From its very first day, when Alexis Tsipras laid a wreath on the Athens memorial commemorating the sacrifice of 200 Greek resistance fighters killed by the Nazis in World War II, the SYRIZA-led government has been determined to show that it embodies a new era in Greek political life.

Important moments in this process were the formation of the parliamentary commissions to investigate how much of Greece’s massive public debt burden is noxious as well as the reparations owed to Greece from the devastation and pillage of the country arising from the Nazi occupation (calculated at €287.7 billion).

On May 1, the Germany’s president Joachim Gauck, breaking with the German government consensus of denying any validity to the Greek claim, said: “We are not only people who are living in this day and age but we're also the descendants of those who left behind a trail of destruction in Europe during World War II—in Greece, among other places, where we shamefully knew little about it for so long. It's the right thing to do for a history-conscious country like ours to consider what possibilities there might be for reparations."

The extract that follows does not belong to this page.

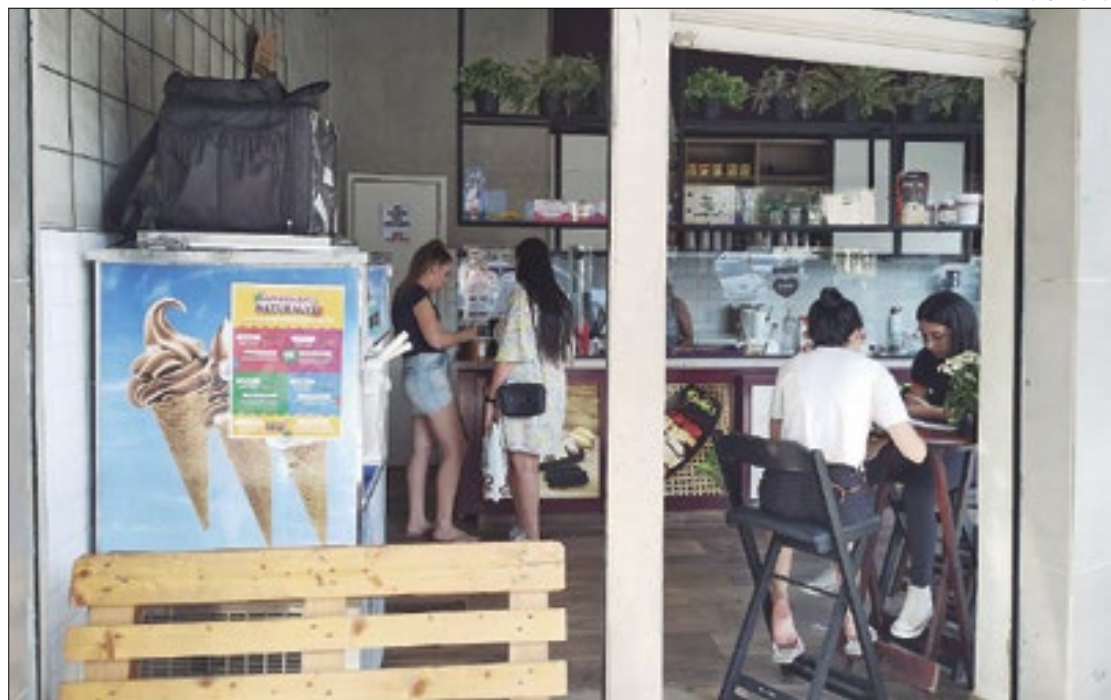
Venda de alimentos refrescantes cresceram com as altas temperaturas

Segundo a biomédica, o calor em excesso representa um grande risco para a saúde. Isso ocorre porque o organismo humano regula a temperatura interna dentro de uma faixa muito estreita, em torno de 35,8°C a 37°C e, quando a temperatura ambiente é demais, o corpo pode ter dificuldades em se resfriar. Entre os problemas de saúde que podem ser causados, estão a insolação, exaustão, de-

On April 29, Greek parliamentary speaker Zoe Constantopoulou announced that she intends to reopen investigations into two high-profile corruption cases. She issued an order for the transparency committee to re-examine the cases of the Siemens bribe scandal (where Greek defence officials are alleged to have taken bribes in order to grant the German firm submarine contracts) and the “Lagarde list” of suspected Greek tax evaders, passed on to the Greek government by Christine Lagarde when she was French finance minister (2010) and never acted on.

Conclusion

The SYRIZA-led government is in a struggle for its life against enormously powerful enemies. It is doing all that it can to implement the mandate on which it was elected on January 25, 2015, and the fact that popular support for it is holding up in the face of enormous pressure is a tribute to this commitment.

On February 15, when the new government was involved in difficult negotiations with its creditors for the bridging loan that was finally agreed on February 20, more than 200 demonstrations of solidarity with Greece took place, across Europe and elsewhere.

A repeat of that effort, on an even bigger scale, will in all probability soon be needed.

[Dick Nichols is Green Left Weekly and Links International Journal of Socialist Renewal’s European correspondent, based in Barcelona. A shorter, earlier version of this article first appeared in Green Left Weekly.]